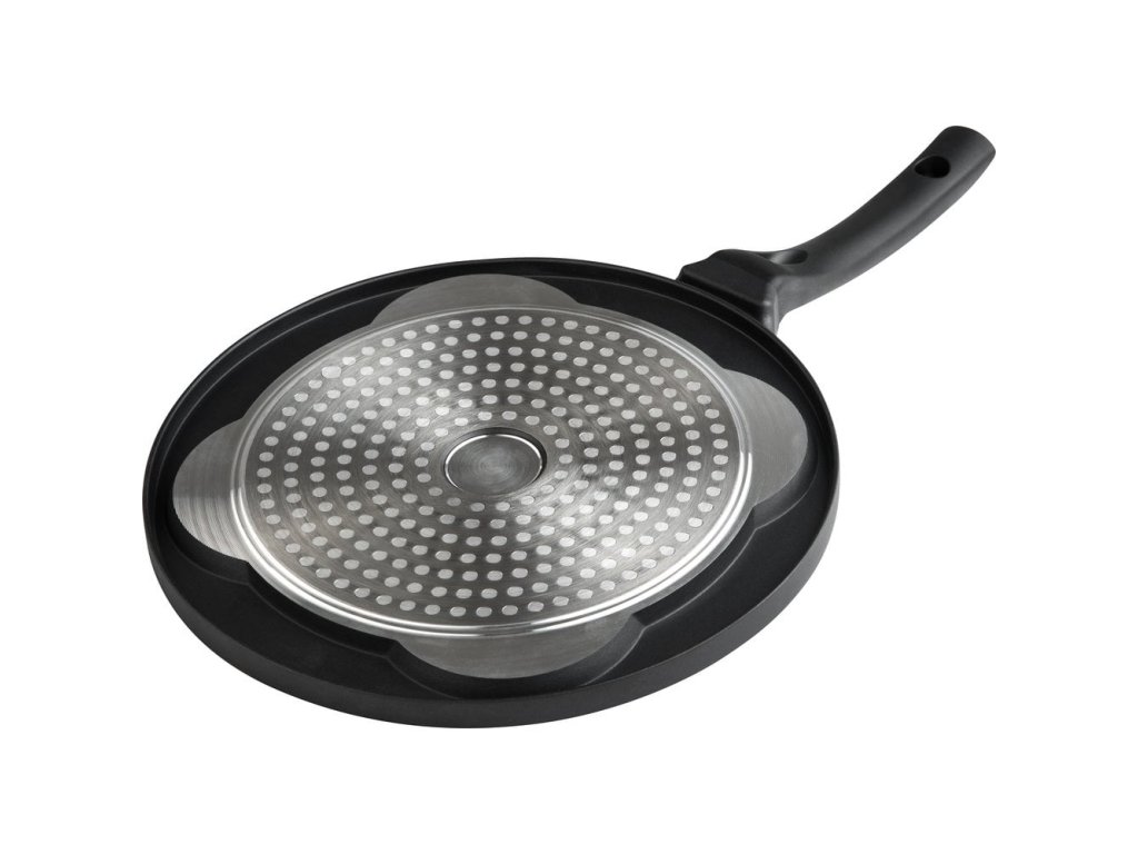 pánev na lívance • hliníkové nádobí • pro všechny typy sporáků • adhezivní povrch • ergonomická měkčená rukojeť • nepřilnavý materiál bez PFOA • rychlé přenášení tepla • indukční dno • průměr 26 cm • výška 3 cm • hmotnost 1,04 kg
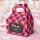 Graduation favor boxes printed with a pink pattern of graduation caps and diplomas with a yellow ribbon. Customize the graduation themed favor boxes with the name of the graduate or the name of the celebration, and with the date.
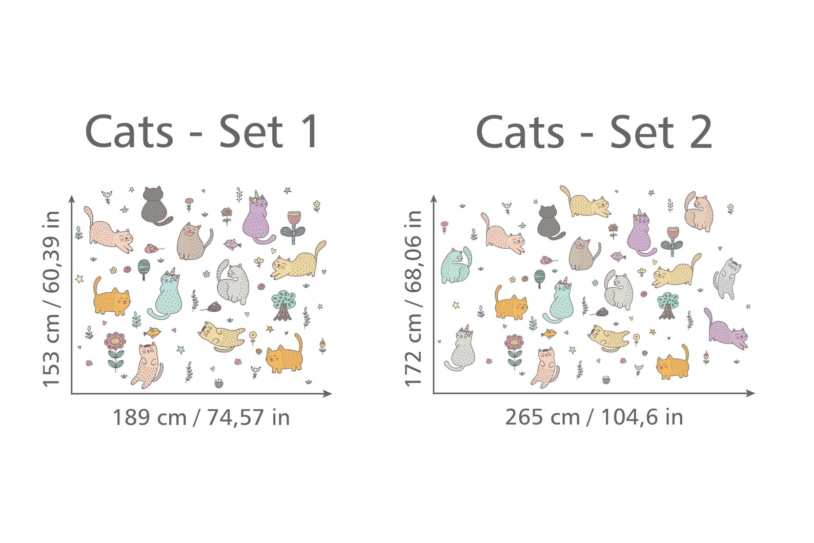 Çocuğunuzun odasını en sevimli ve en oyuncu kediciklerle doldurmaya ne dersiniz? Bu neşeli duvar sticker seti ile duvarları bir oyun alanına çevirin!\n\nFarklı renklerde ve birbirinden şirin pozlardaki kediler, minik balıklar, çiçekler ve ağaçlardan oluşan bu set, çocuğunuzun hayal gücünü harekete geçirecek ve odasına eğlenceli bir karakter katacaktır.
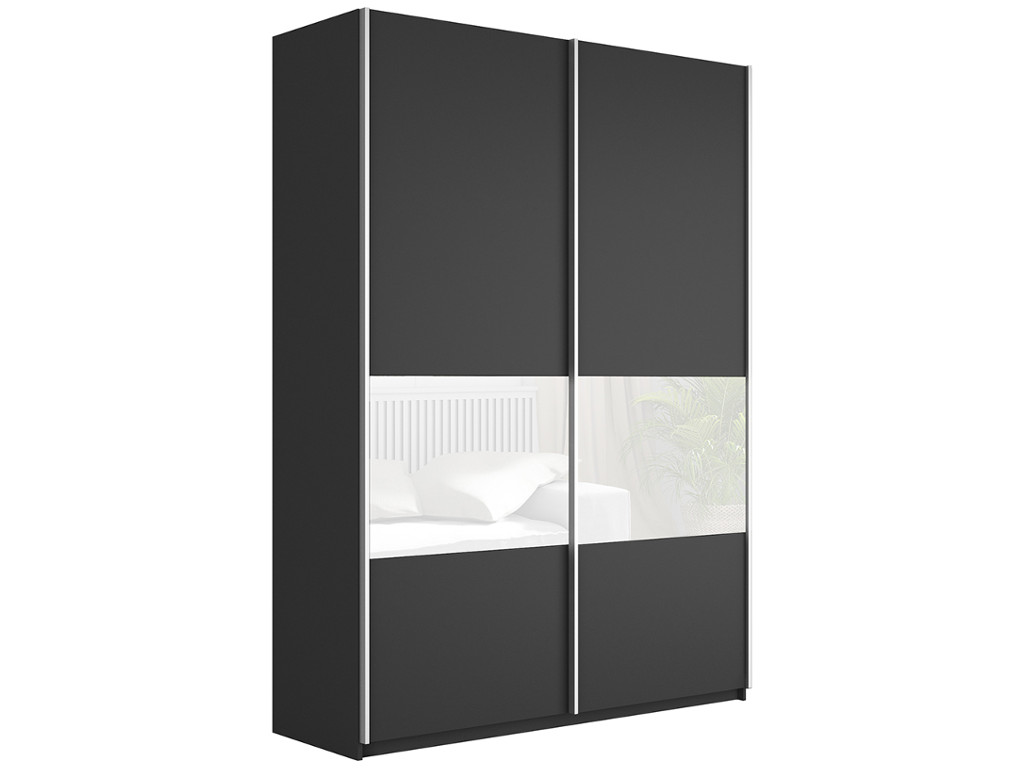 - Шкаф-купе Прайм 2-х дверный ДСП/вставки Стекло Белое Серый Диамант
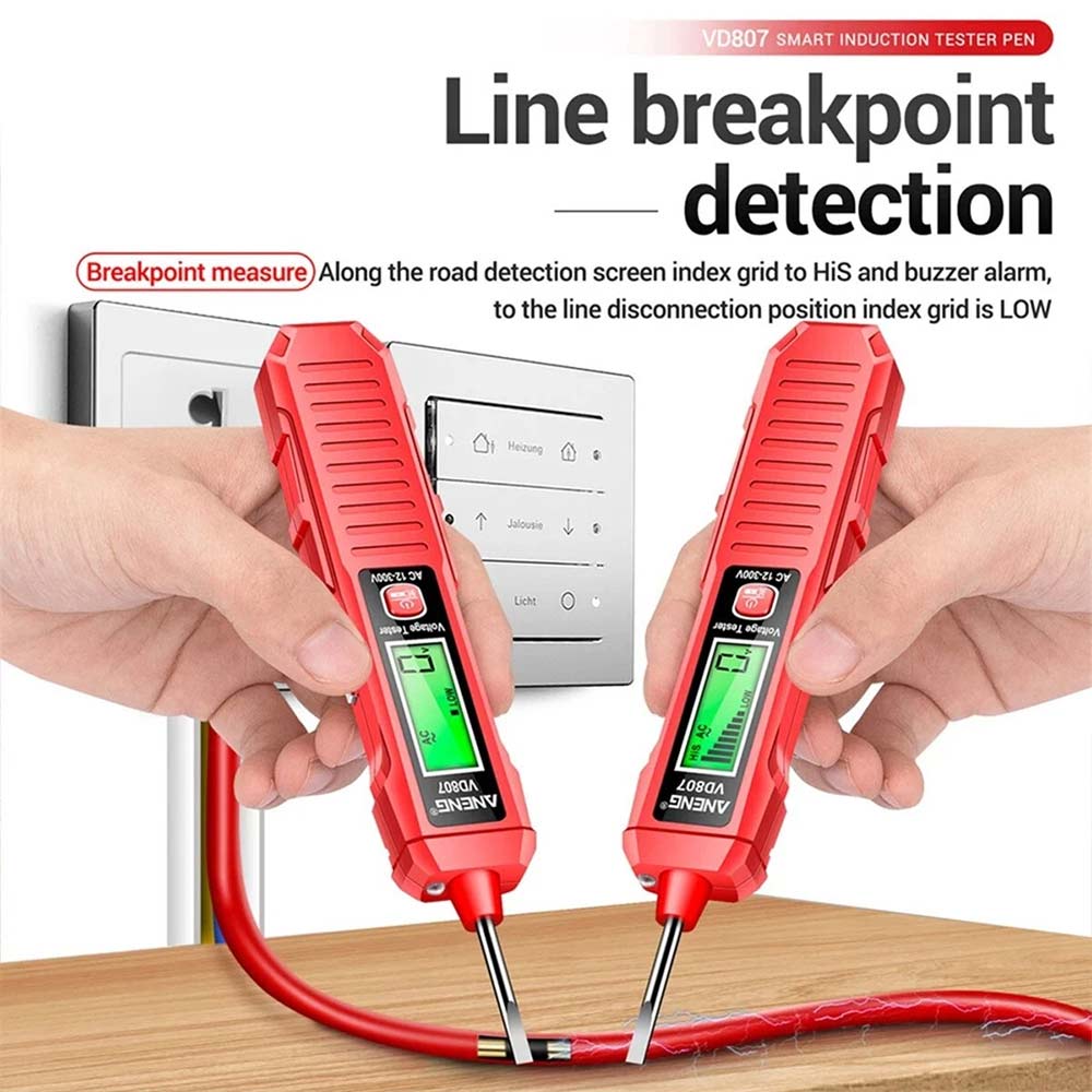 Verbessern Sie Ihre elektrischen Prüfmöglichkeiten mit dem Smart Induction Tester Pen, einem vielseitigen Werkzeug für professionelle Elektriker und DIY-Enthusiasten. Dieser fortschrittliche Tester-Stift verfügt über modernste Technologie und mehrere Funktionen, um elektrische Testaufgaben zu vereinfachen. Hier sind die wichtigsten Merkmale:
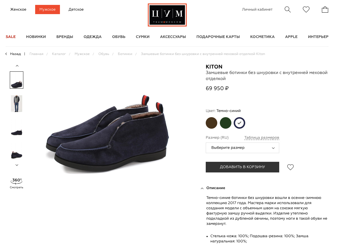 Темно-синие ботинки без шнуровки вошли в осенне-зимнюю коллекцию 2017/2018 года. Мастера марки Kiton использовали для создания модели с объемным швом на союзке мягкую фактурную замшу ручной выделки.
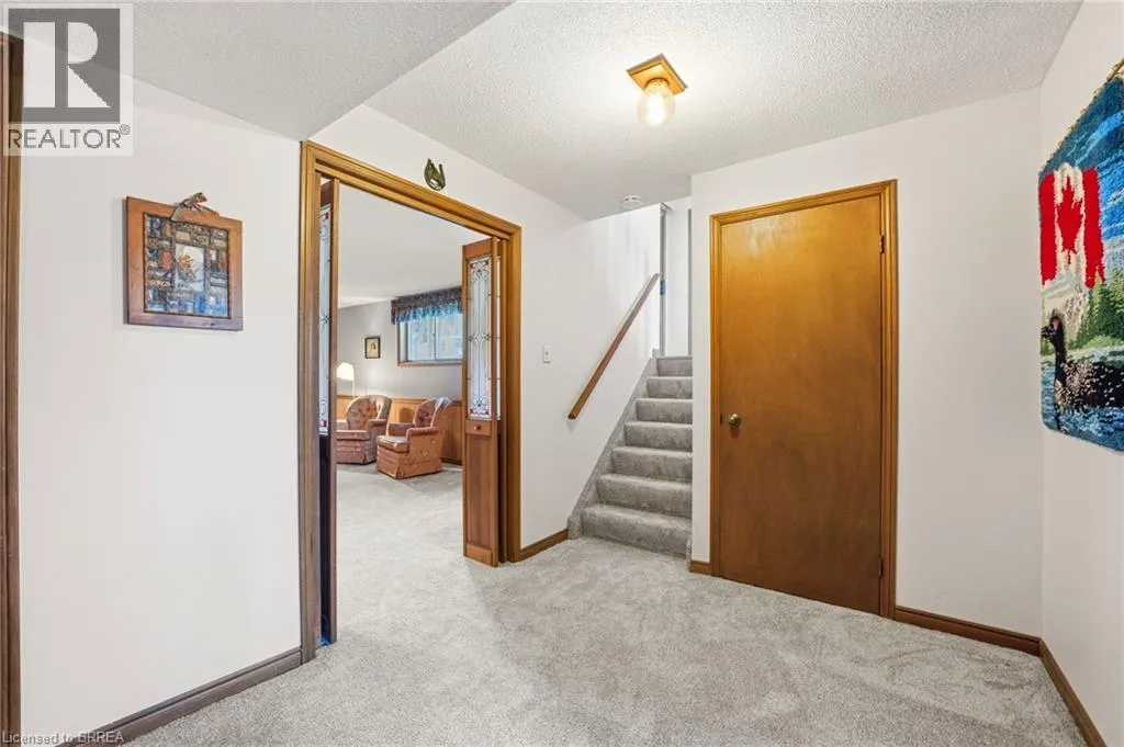 Dunsdon Street Welcome home to 35 Bernard Ave., Brantford. In the mature and desirable Greenbrier community, just steps to Wilkes Park, a short distance to Greenbrier and St. Leo's elementary schools. Only minutes to the 403 and all of Brantford's north end amenities like Costco and the Lynden Park Mall. Offered for the first time on an oversized lot! Immaculately maintained 3+ 2 bed raised ranch with 2 full baths. Custom built with a wide and spacious front foyer that leads to a beautiful sun room in the oversized backyard. Upgrades have been made to the kitchen and flooring, but more recently all new carpet laid in basement (2026). Stay cozy in the large basement rec room with gas fireplace! The furnace was inspected and maintained annually and A/C biannually. As well as vinyl windows throughout! The garage provides easy access to the backyard with garage doors at front and back. A french drain was installed coupled with a sump pump in 2022. Shows A+ come see it for yourself today! (id:27476)
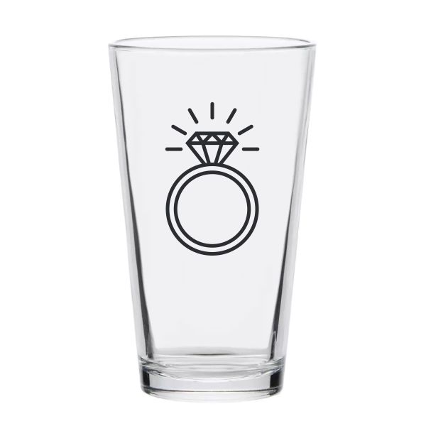 Personalized 16 oz Custom Pint Glasses - Diamond Engagement Ring - Customized Pint Glasses is available to buy in increments of 12
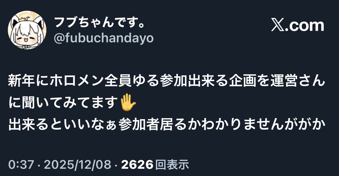 | … | 79無題Name名無し 25/12/08(月)00:44:40 IP:60.98.*(bbtec.net)No.11076137そうだねx1ロボ子さんのファンミ格ゲー好きな人が結構きてました |
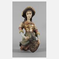 Ende 19. Jh., Holz geschnitzt, kreidegrundiert, farbig gefasst und gold- bzw. silberbronziert, weibliche Gestalt in antikisierender Tracht, mit Schild und fehlender Tülle, an zarter Gliederkette abgehängt, kleinste Substanzverluste, Altersspuren, H 45 cm.
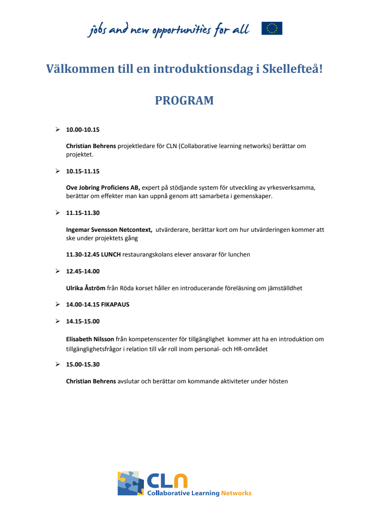 Inbjudan till avstamp för CLN-projektet, där sammanlagt 250 personer samlas i Skellefteå.
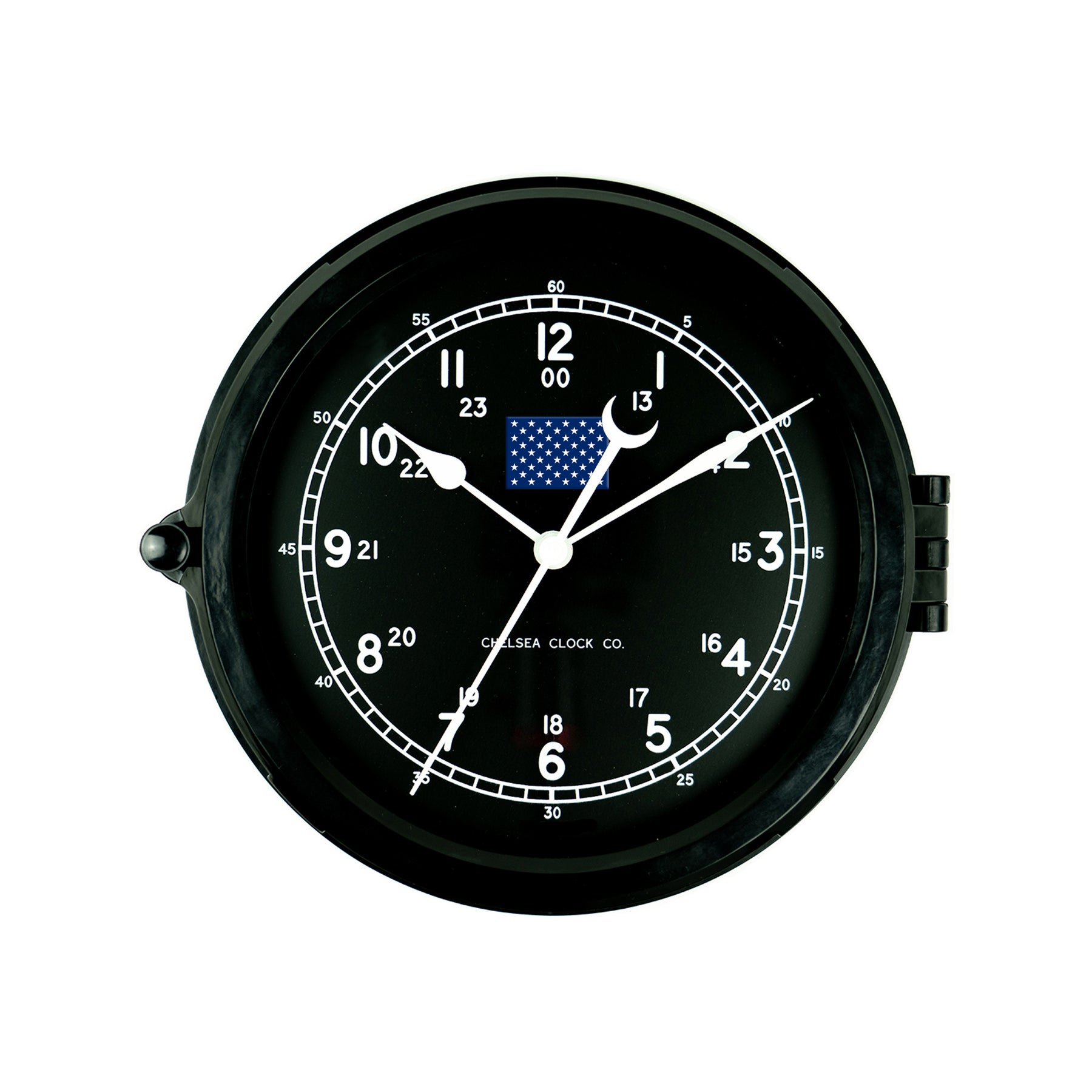 Crafted with a durable, phenolic resin case, this clock is designed to last for generations and is still used aboard U.S. Navy ships. It features a classic black 12/24-hour military-style dial with a sweeping second hand for precise timekeeping and U.S. Navy Jack of the United States logo. A hinged bezel with a clear lens and brass screw-bolt lock allows easy access for adjustments, ensuring both authenticity and everyday functionality.

++++++++++

Exercise:
Give back exactly the lines from the line with "Inbjudan till avstamp" through the end of the material above, and omit every picture.

Task solution:
 Inbjudan till avstamp för CLN-projektet, där sammanlagt 250 personer samlas i Skellefteå.
 Crafted with a durable, phenolic resin case, this clock is designed to last for generations and is still used aboard U.S. Navy ships. It features a classic black 12/24-hour military-style dial with a sweeping second hand for precise timekeeping and U.S. Navy Jack of the United States logo. A hinged bezel with a clear lens and brass screw-bolt lock allows easy access for adjustments, ensuring both authenticity and everyday functionality.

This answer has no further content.